Once you find the line with "設計師Mark說這種護髮是氨" in the entries below, print it and each line after it up to and including the line with "8月3日,廣州,智能零售、生鮮科技設(shè)備展上生鮮無人設(shè)備", exactly, without pictures.

-- Provided records follows --

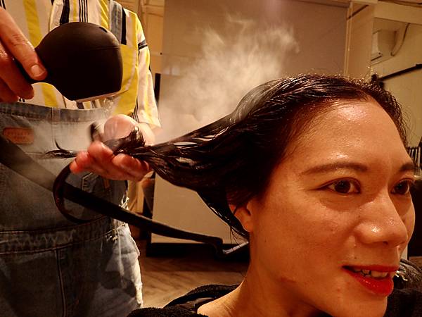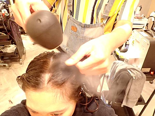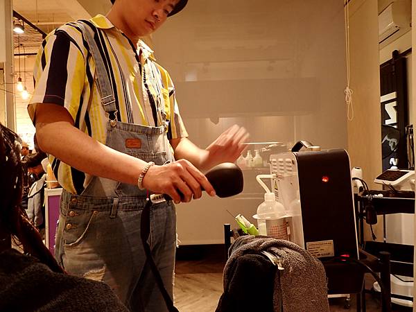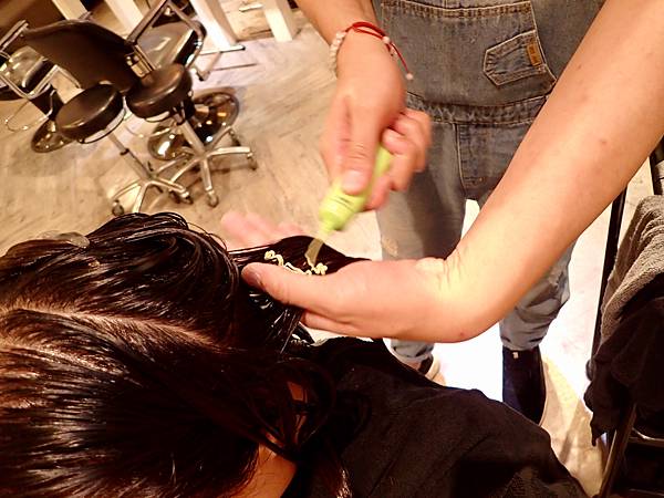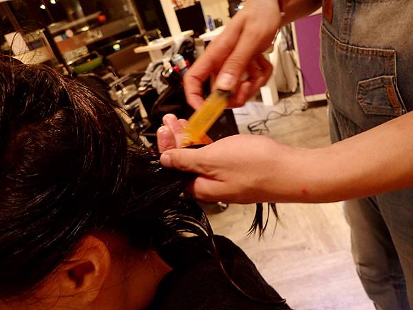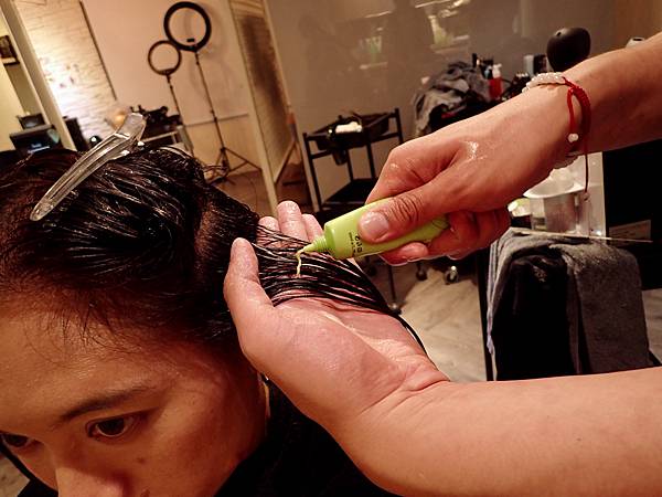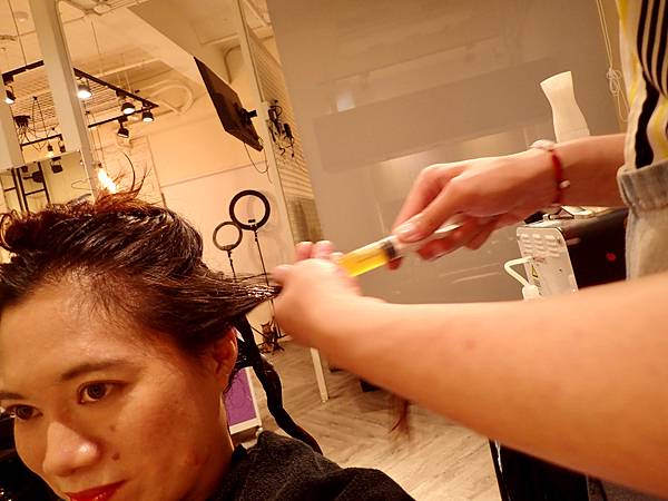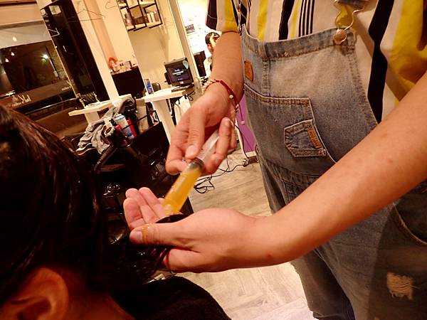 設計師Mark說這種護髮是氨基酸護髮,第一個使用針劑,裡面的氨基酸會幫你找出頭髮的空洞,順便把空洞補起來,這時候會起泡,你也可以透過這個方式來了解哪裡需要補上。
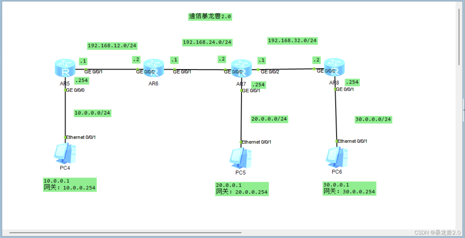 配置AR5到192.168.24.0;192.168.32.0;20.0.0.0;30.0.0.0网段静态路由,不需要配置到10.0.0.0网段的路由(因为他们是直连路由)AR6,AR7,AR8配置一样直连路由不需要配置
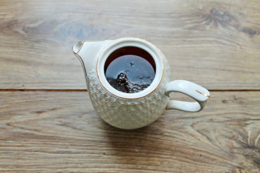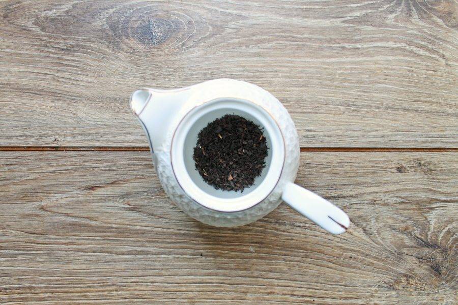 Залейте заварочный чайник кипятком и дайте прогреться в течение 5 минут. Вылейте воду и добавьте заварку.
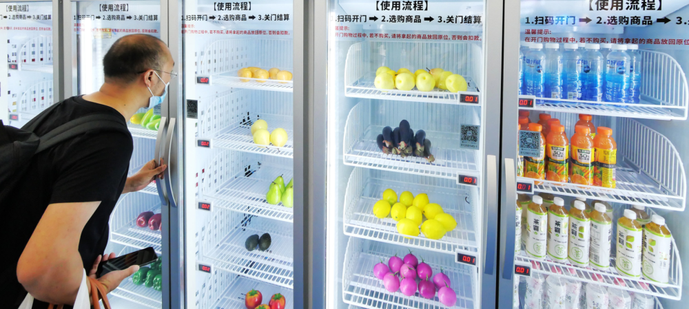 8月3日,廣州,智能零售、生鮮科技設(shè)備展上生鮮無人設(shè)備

-- Provided records concluded --
-- Provided records follows --

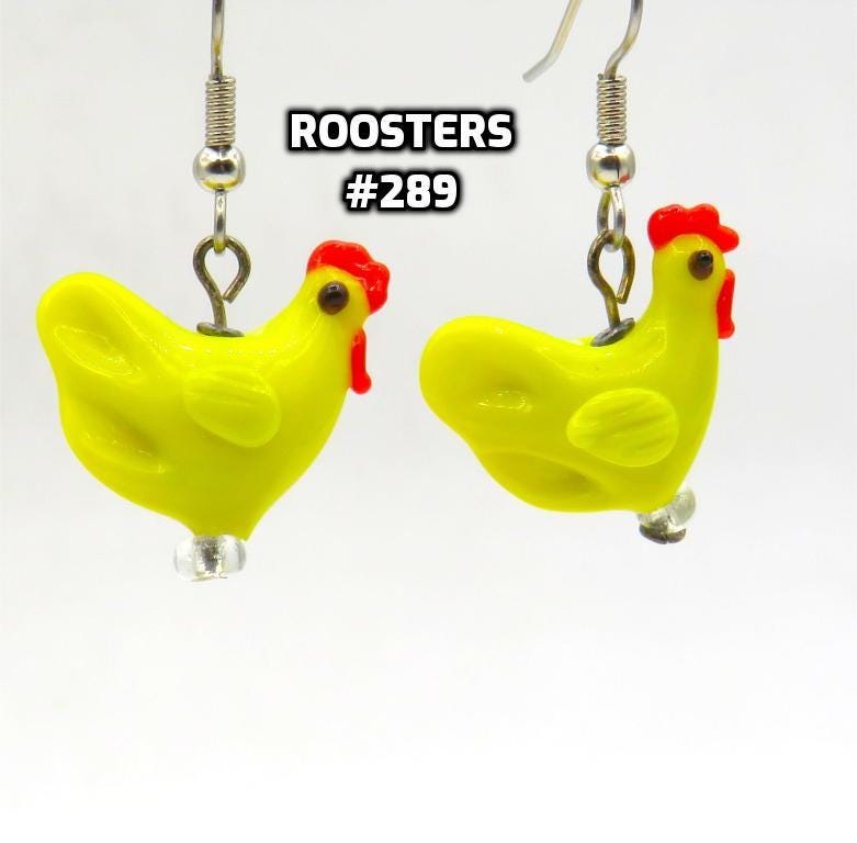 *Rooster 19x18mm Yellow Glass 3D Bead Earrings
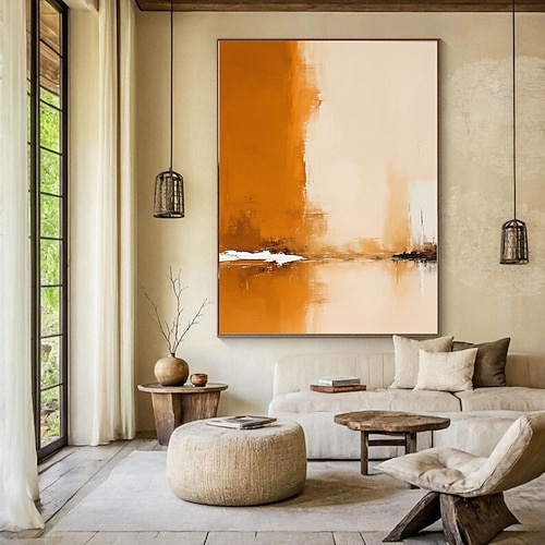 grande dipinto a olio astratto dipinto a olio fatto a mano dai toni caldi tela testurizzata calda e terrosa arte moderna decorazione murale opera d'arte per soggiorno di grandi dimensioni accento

-- Provided records concluded --
-- Provided records follows --

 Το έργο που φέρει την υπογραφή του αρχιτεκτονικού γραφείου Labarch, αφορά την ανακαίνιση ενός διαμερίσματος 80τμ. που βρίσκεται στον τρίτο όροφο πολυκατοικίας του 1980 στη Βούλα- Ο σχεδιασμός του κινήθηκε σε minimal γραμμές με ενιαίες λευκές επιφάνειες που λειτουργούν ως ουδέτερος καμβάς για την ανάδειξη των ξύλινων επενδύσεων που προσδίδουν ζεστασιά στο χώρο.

-- Provided records concluded --

▶ **Result for this task**
 設計師Mark說這種護髮是氨基酸護髮,第一個使用針劑,裡面的氨基酸會幫你找出頭髮的空洞,順便把空洞補起來,這時候會起泡,你也可以透過這個方式來了解哪裡需要補上。
 配置AR5到192.168.24.0;192.168.32.0;20.0.0.0;30.0.0.0网段静态路由,不需要配置到10.0.0.0网段的路由(因为他们是直连路由)AR6,AR7,AR8配置一样直连路由不需要配置
 Залейте заварочный чайник кипятком и дайте прогреться в течение 5 минут. Вылейте воду и добавьте заварку.
 8月3日,廣州,智能零售、生鮮科技設(shè)備展上生鮮無人設(shè)備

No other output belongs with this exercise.